### Stored data
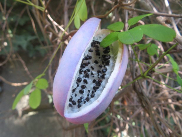 Fruit d’Akebia quinata, spectaculaire et comestible, au jardin des serres d’Auteuil, 16e.
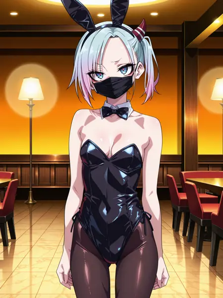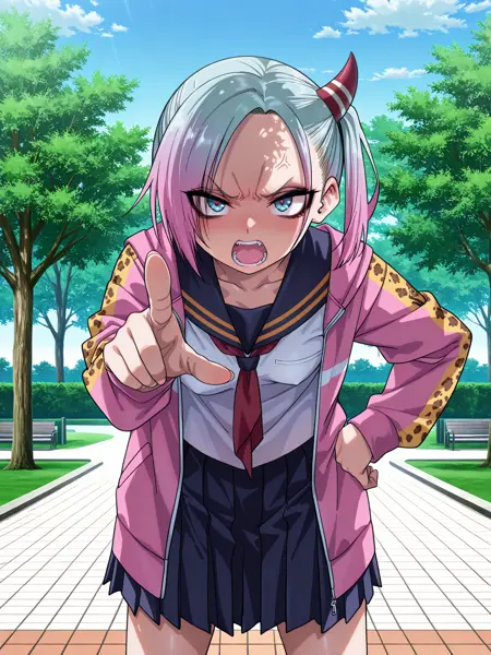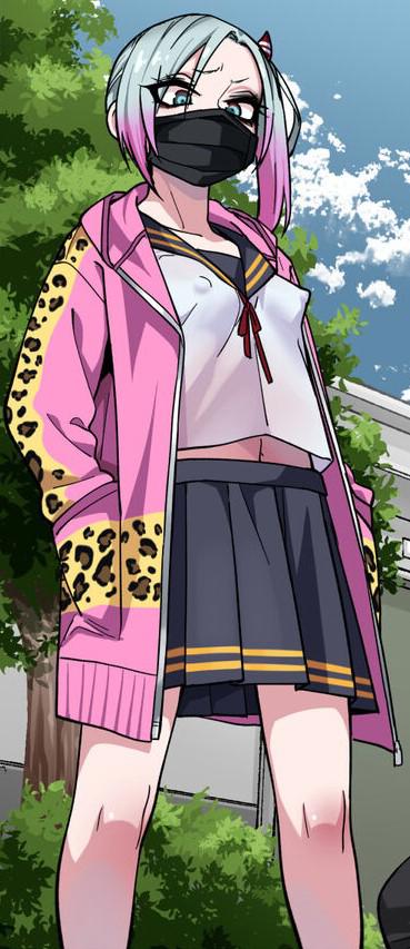 — 彼女は大胆なツートンヘアと角のようなアクセサリー、そして「触るな」と叫ぶような反抗的な姿勢で目立つ。スカート、フーディ、マスクというレイヤードなルックは、心を守ることを選び、感情を表に出したがらない、ツンデレな不良青年の雰囲気を醸し出している。クラシックな不良のエネルギーを放つ一方で、鋭い歯と赤らんだ頬は、意外なほど繊細で弱い側面をほのめかす。タoughとtenderの完璧な融合で、見逃すことも、忘れることもできない存在だ。
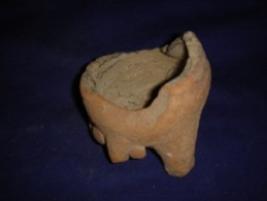 | Description / विवरण | Terracotta animal shaped vessel, with three stands. The upper part of the vessel is broken. |
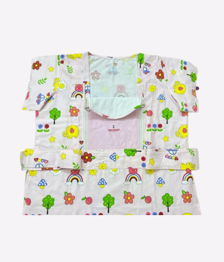 Front flap open to make breast-feeding and holding comfortable, convenient for long use. ; Easily auto clave, washable. ; Reusable. ; Up to the minute design for hip and neck support to the baby. ; Locking technique for hands-free safe and secure therapy. ; Finest baby friendly cotton fabric with three layers in front. ; UV treated.
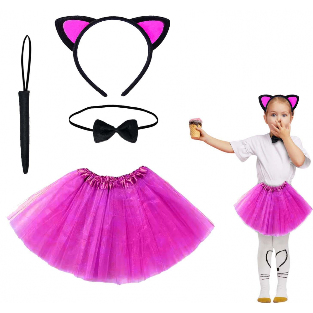 Fuşya Renk Kedi Kostüm Seti (Tütü, Taç, Papyon, Kuyruk)
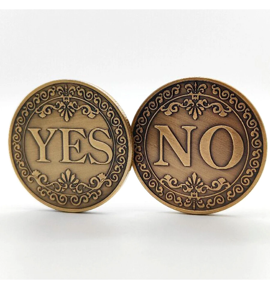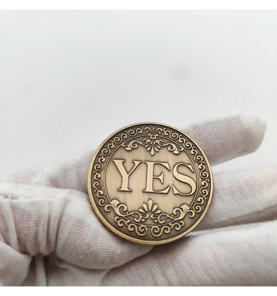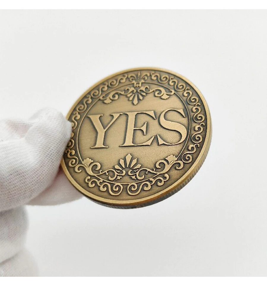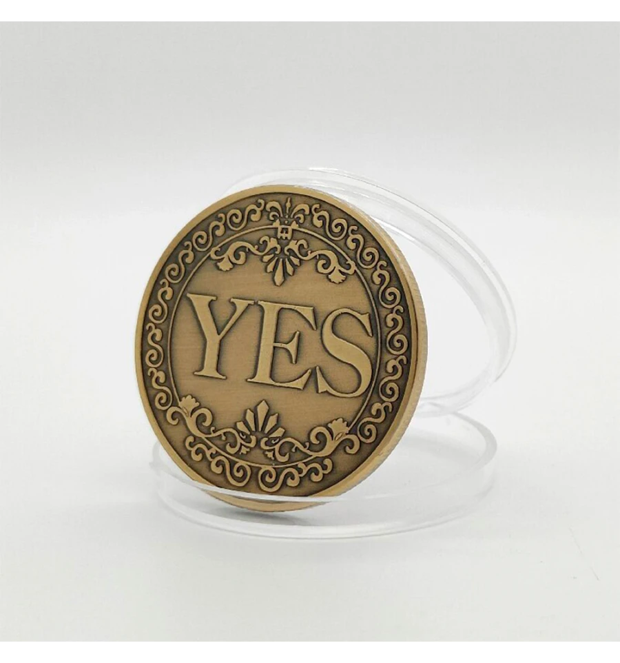 Сувенірна монета прийняття рішень YES/NO 3703 (золото антик) - Ваш персональний оракул. Вагаєтесь із вибором? Не знаєте, яку відповідь дати? Дозвольте долі вирішити за вас за допомогою цієї стильної сувенірної монети! Це не просто аксесуар, а веселий та оригінальний спосіб розвіяти сумніви або розважити друзів у компанії. Монета має стилізоване під старовину матове покриття з благородним відливом для шанувальників вінтажу. На одній стороні нанесено чіткий напис YES (ТАК). На іншій - NO (НІ). Обидві сторони прикрашені витонченим бароковим візерунком по колу, що додає монеті естетичного вигляду. Чому це крутий подарунок? Допомагає швидко та з гумором прийняти дрібні побутові рішення. Стильний сувенір, який чудово виглядає в колекції, на робочому столі або в гаманці як талісман. Та просто оригінальний презент. Чудова ідея для подарунка колезі, другу або на вечірку.
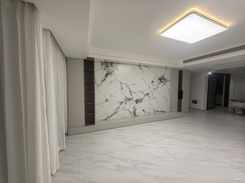 客厅电视背景用的岩板,岩板的价格虽然有点高但是不容易过时,而且看起来非常大气,以前的人装修房子是越复杂越好,所以他们往往喜欢买欧式家具,虽然说欧式家具看起来很高端,大气上档次,但是不好做卫生,而且还容易过时,所以现在的人基本上都比较喜欢简约的装修风格,所以岩板的背景墙就很适合,我觉得这也是一个非常不错的选择。房间没贴墙纸,也没刻意想到要装修电视背景,以白墙为主,白墙看多了也不会觉得腻,简简单单,清
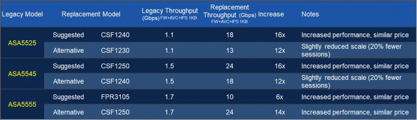 У 2025 році постає необхідність заміни пристроїв ASA5525, 5545 і 5555, підтримання яких буде припинено наприкінці вересня виробником. Крім того, на моделі ASA5506, 5508, 5516 востаннє можна буде оновити ліцензії, а з 2026 року їх також буде знято з підтримки та гарантії RMA. Саме тому вже зараз треба вибрати пристрої, які не лише замінять попередні, а й забезпечать організаціям стабільний захист і продуктивність на найближчі 5–7 років.
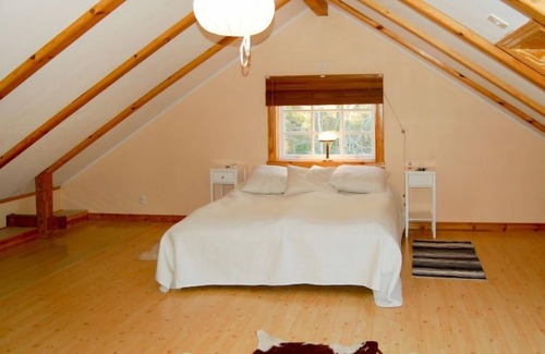 "Bäcklunda", 6-room house 135 m2 on 2 levels. Cosy furnishings: living room with Scandinavian wood stove and satellite TV. Exit to the veranda. 1 room with 1 double bed (160 cm). 1 room with 1 double bed (160 cm). Dining room with 1 sofabed (160 cm, length 200 cm), dining table. Kitchen (4 hot plates, oven, dishwasher, microwave, freezer, electric coffee machine) with dining table. Shower/WC. Upper floor: living/sleeping room with 1 double sofabed. 1 room with 1 bed (140 cm, length 200 cm), 1 french bed (180 cm, length 200 cm). Sep. WC. Heating. Terrace partly roofed. Terrace furniture, barbecue (portable). Facilities: washing machine, iron. Internet (WiFi, extra). Please note: one double bedroom is outside the apartment. Non-smoking house. Smoke alarm, fire extinguisher. Freezer approx. 100 l.
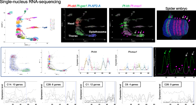 We established a novel method to generate quantitative gene expression profiles along the reconstructed AP axis in a UMAP plot (Fig. 5; Supplementary Fig. 9). These profiles accurately reflected the gene expression patterns along the AP axis in the Parasteatoda embryo, including distinct phases of the segmental stripes. This approach enabled genome-wide, unbiased identification of genes exhibiting specific AP expression patterns. We identified 213 genes from stage-7_nucleus data and 264 genes from late stage-5_nucleus data that could be used to reconstruct the AP pattern, including the segmental stripe pattern at stage 7 (Fig. 6; Supplementary Fig. 11). Although this does not definitively prove that these genes directly establish the AP pattern during embryogenesis, it provides crucial clues for identifying the underlying molecular networks. By analyzing the first derivatives of the expression profiles, we identified gene groups with similar peak patterns (Supplementary Figs. 14–16), which are candidate genes involved in stripe formation. Furthermore, we examined gene expression in the posterior region at single-cell resolution to identify gene pairs that tend to be co-expressed or expressed in a mutually exclusive manner (Fig. 8E, F, Supplementary Fig. 17). This analysis provides valuable data for investigating potential gene interactions. These analytical approaches can be applied to embryos at different developmental stages. As the Parasteatoda spider lays hundreds of eggs simultaneously, we can analyze serial pools of embryos collected according to time-based staging. Embryos subjected to gene knockdown experiments can be analyzed similarly. These advantages of using spider embryos facilitate a further investigation of the dynamic cell-state regulation of the stripe-forming processes. The high-resolution, quantitative single-nucleus data generated in this study provide a robust foundation for a deeper understanding of the diverse mechanisms underlying the arthropod segmented body axis and offer a reliable connection to the mathematical modeling of cell-based patterning processes.
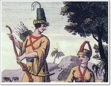 최초로 서양인이 조선인의 모습을 그린 그림입니다. 1806년 프랑스에서 만든 '아시아 왕국의 민족들' 이라는 책에 그려진 그림입니다. 딱 봐도 옷이 인디언 쪽에 가깝고, 외모는 서양인과 비슷한 거의 상상도 수준이라 할 수 있습니다. 그래도 하나 특이한 점은 손에 인삼을 들고 있다는 점입니다 이당시에도 조선에 인삼이 많다고 소문이 나있었다고 합니다.
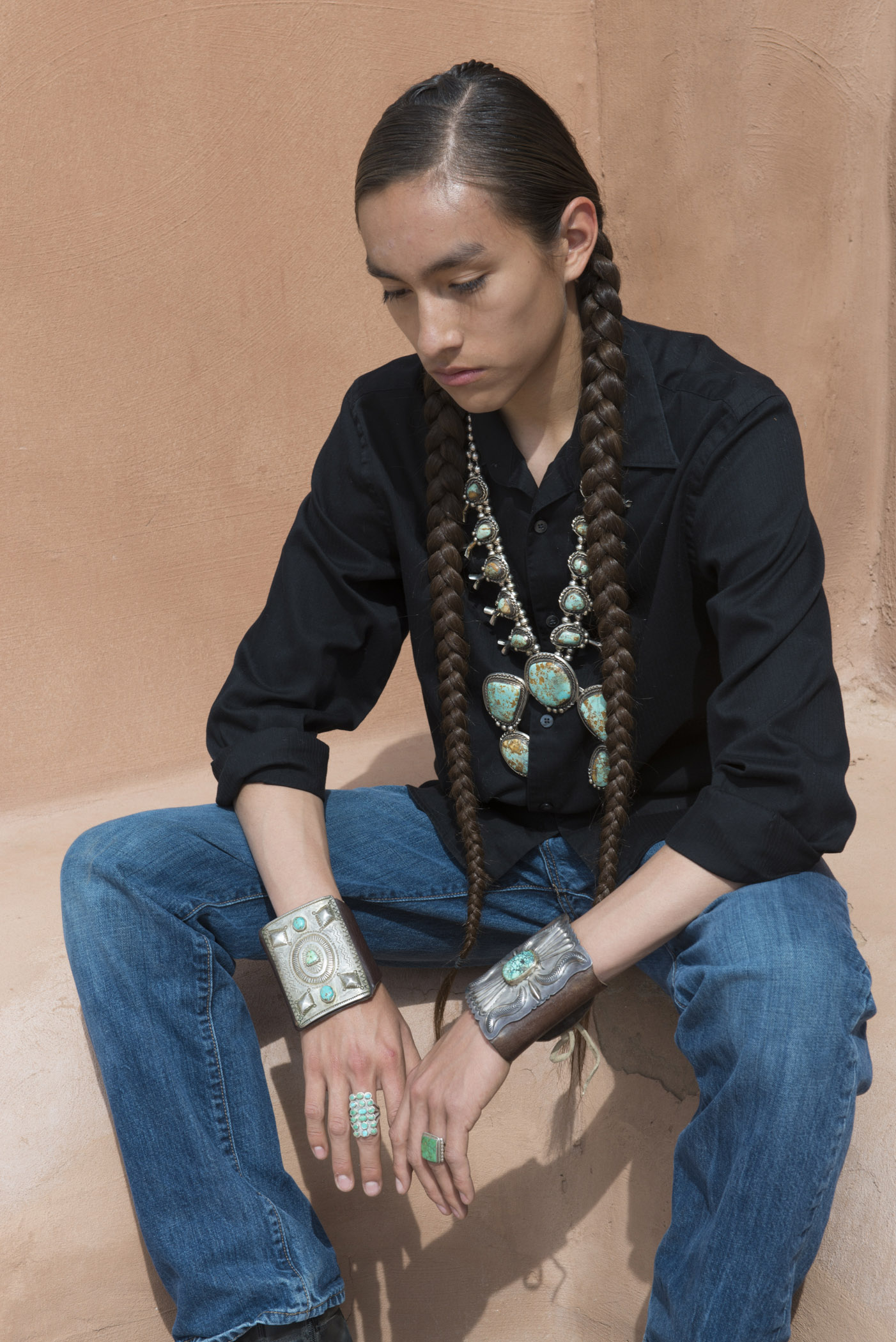 The squash blossom necklace is an iconic symbol of the Southwest, but the crescent and flowers began as Moorish symbols that were brought to the region by Spanish explorers and settlers. Navajo jewelers adopted the crescent, which they called a naja, and flowers (now squash blossoms instead of pomegranate flowers) and used them on necklaces. This necklace (Cat # 56966/12, 15” by 10.5”) is Navajo in origin. One ketoh, or bow guard, is Navajo (Cat # 10687/12), while the other was made by Santo Domino Pueblo artist Luther Aguilar in 1952 (Cat # 36139/12). Both are about four inches long and made of silver, turquoise, and leather. The rings are Navajo (Cat # 36078/12, made by Tom Morris, and 10514/12) and made of turquoise and silver.
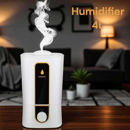 - 4L capacity tank for all day use:Humidifier contains at least 4 liters of water enough for more than 40 hours of working time; It is able to humidify the air in rooms up to 10-30 square feet / 107-322 square feet such as bedroom,living room,nursery, office etc.
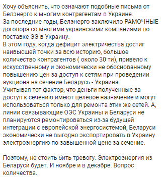 "Хочу объяснить, что означают подобные письма от "Белэнерго" ко многим контрагентам в Украине. За последние годы, Белэнерго заключило РАМОЧНЫЕ договора со многими украинскими компаниями по поставке ЭЭ в Украину.
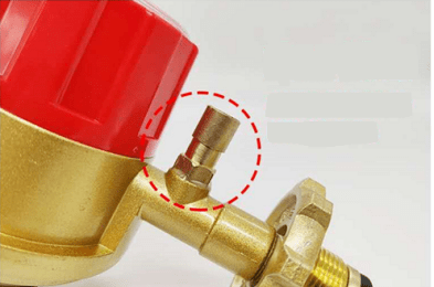 家用調壓器出口為軟管接頭“寶塔頭”時,應選擇有過流切斷安全裝置的產品(下圖分別為進口側和出口側帶過流切斷安全裝置)。
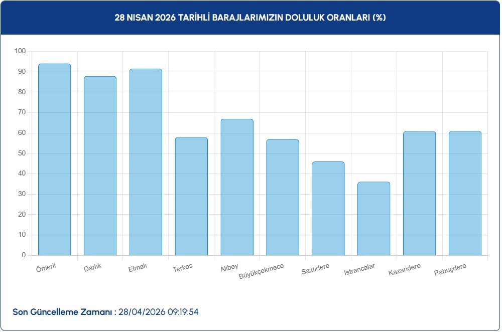 İSTANBUL BARAJ DOLULUK ORANLARI (28 NİSAN 2026)
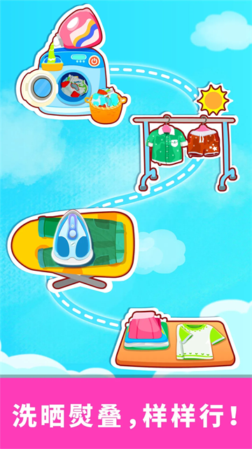 启动开关,小小洗衣机转呀转,衣服马上就洗好!和妈妈一起晒衣服、熨衣服、叠衣服吧!
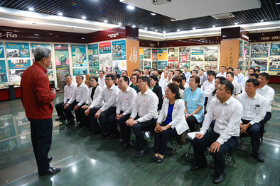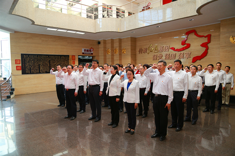 在专题学习研讨前,学校党委班子、各单位党组织书记、机关各部门党支部书记来到东北军事后勤史馆(沈阳军区后勤史馆)开展现场教学。全国学雷锋志愿服务先进典型、全国最美退役军人、辽宁省道德模范、后勤史馆馆长徐文涛同志亲自引导参观,并做声情并茂的讲解。结合个人成长和工作经历,他深情回顾了东北战区党政军民在抗日战争、解放战争、抗美援朝战争和社会主义建设时期后勤保障工作的风雨历程和光辉业绩,为必赢官网党员干部讲述了许多鲜为人知的军事后勤史,上了一堂生动精彩的“专题党课”。参观学习后,党委书记贾玉明领誓,在场干部重温入党誓词,面对党旗庄严宣誓,感悟共产党人的初心和使命。
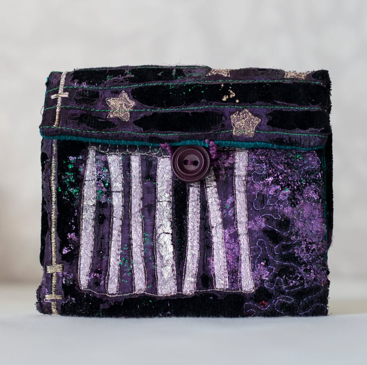 Made with free motion embroidery and some decorative stitches, this richly coloured little purse is a one off piece that could be a special little gift or just bought for yourself! The colours, textures and design definitely have a goth feel to them.
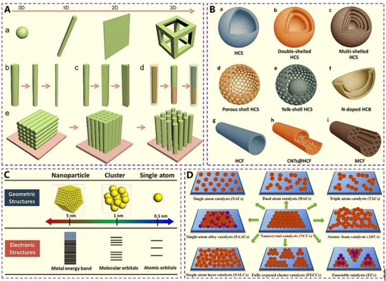 Fig. 1-2 (A) Schematics of nanostructures: (a) 0D to 3D nanostructures, variable structure parameters of (b) size, (c)morphology, (d) heterojunction, (d) spatial arrangement; (B) Schematics of nanostructures: (a-c) different-shell hollow nanospheres, (d, e) porous nanocages, (f) nanobowls, (g-i) hollow or porous nanowires; (C) Schematics of geometric and electronic structures; (D) Schematics of atomically-dispersed sub-nanostructures
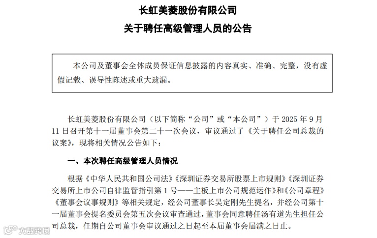 9月12日,长虹美菱聘任新总裁
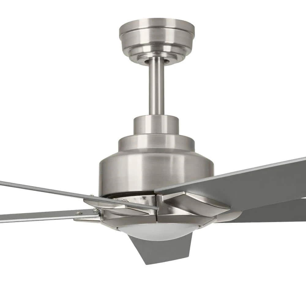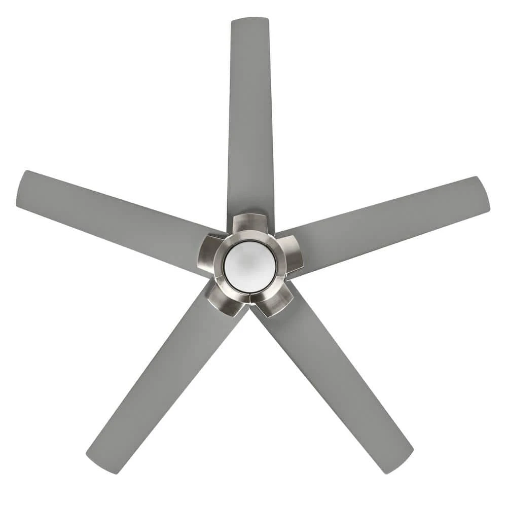 Give a fresh look to your contemporary decor with the 52 in. Mickelson LED Brushed Nickel Ceiling Fan. Ideal for large spaces, this fan features 5 blades for air movement efficiency, with quiet, wobble-free operation. The full function hand held remote control offers independent light and speed controls.

### Problem description
From the first line of the listing above, repeat every line through the one holding "Fuşya Renk Kedi". Both ends count, and pictures stay out.

### Output for this exercise
 Fruit d’Akebia quinata, spectaculaire et comestible, au jardin des serres d’Auteuil, 16e.
 — 彼女は大胆なツートンヘアと角のようなアクセサリー、そして「触るな」と叫ぶような反抗的な姿勢で目立つ。スカート、フーディ、マスクというレイヤードなルックは、心を守ることを選び、感情を表に出したがらない、ツンデレな不良青年の雰囲気を醸し出している。クラシックな不良のエネルギーを放つ一方で、鋭い歯と赤らんだ頬は、意外なほど繊細で弱い側面をほのめかす。タoughとtenderの完璧な融合で、見逃すことも、忘れることもできない存在だ。
 | Description / विवरण | Terracotta animal shaped vessel, with three stands. The upper part of the vessel is broken. |
 Front flap open to make breast-feeding and holding comfortable, convenient for long use. ; Easily auto clave, washable. ; Reusable. ; Up to the minute design for hip and neck support to the baby. ; Locking technique for hands-free safe and secure therapy. ; Finest baby friendly cotton fabric with three layers in front. ; UV treated.
 Fuşya Renk Kedi Kostüm Seti (Tütü, Taç, Papyon, Kuyruk)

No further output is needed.